Set down exactly the lines below, starting at the one that contains "Детская библиотека, филиал" and ending at the one that contains "Blaze and the", with both of those lines included and nothing else.
***** DATA FOR THE TASK *****
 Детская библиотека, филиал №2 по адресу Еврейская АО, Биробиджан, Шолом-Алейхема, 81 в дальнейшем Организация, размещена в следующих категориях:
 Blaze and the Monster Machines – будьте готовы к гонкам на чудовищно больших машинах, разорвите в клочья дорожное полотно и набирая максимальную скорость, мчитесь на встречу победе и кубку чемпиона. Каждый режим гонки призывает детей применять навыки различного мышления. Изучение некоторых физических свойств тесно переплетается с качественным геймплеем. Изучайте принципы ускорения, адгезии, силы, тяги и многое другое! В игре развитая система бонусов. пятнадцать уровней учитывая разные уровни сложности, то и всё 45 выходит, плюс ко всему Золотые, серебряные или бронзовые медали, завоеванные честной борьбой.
*****
***** DATA FOR THE TASK *****
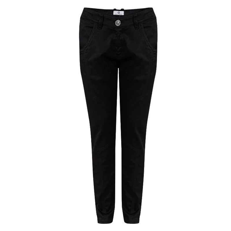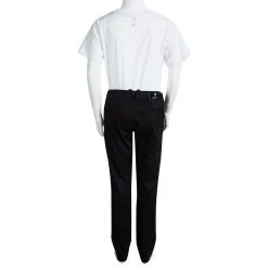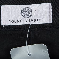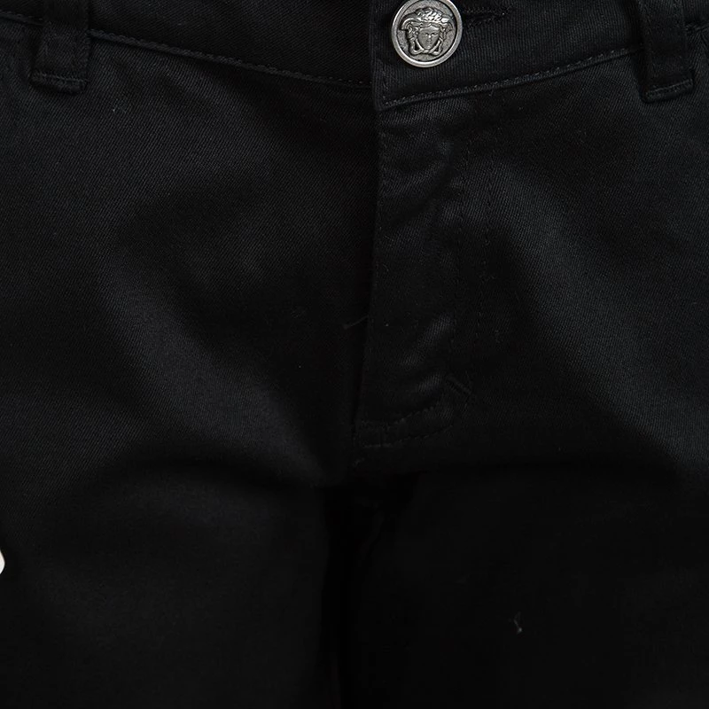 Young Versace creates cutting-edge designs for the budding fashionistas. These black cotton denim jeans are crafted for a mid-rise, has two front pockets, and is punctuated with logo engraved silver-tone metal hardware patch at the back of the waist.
*****
#### [REPLY TO THE TASK]
 Детская библиотека, филиал №2 по адресу Еврейская АО, Биробиджан, Шолом-Алейхема, 81 в дальнейшем Организация, размещена в следующих категориях:
 Blaze and the Monster Machines – будьте готовы к гонкам на чудовищно больших машинах, разорвите в клочья дорожное полотно и набирая максимальную скорость, мчитесь на встречу победе и кубку чемпиона. Каждый режим гонки призывает детей применять навыки различного мышления. Изучение некоторых физических свойств тесно переплетается с качественным геймплеем. Изучайте принципы ускорения, адгезии, силы, тяги и многое другое! В игре развитая система бонусов. пятнадцать уровней учитывая разные уровни сложности, то и всё 45 выходит, плюс ко всему Золотые, серебряные или бронзовые медали, завоеванные честной борьбой.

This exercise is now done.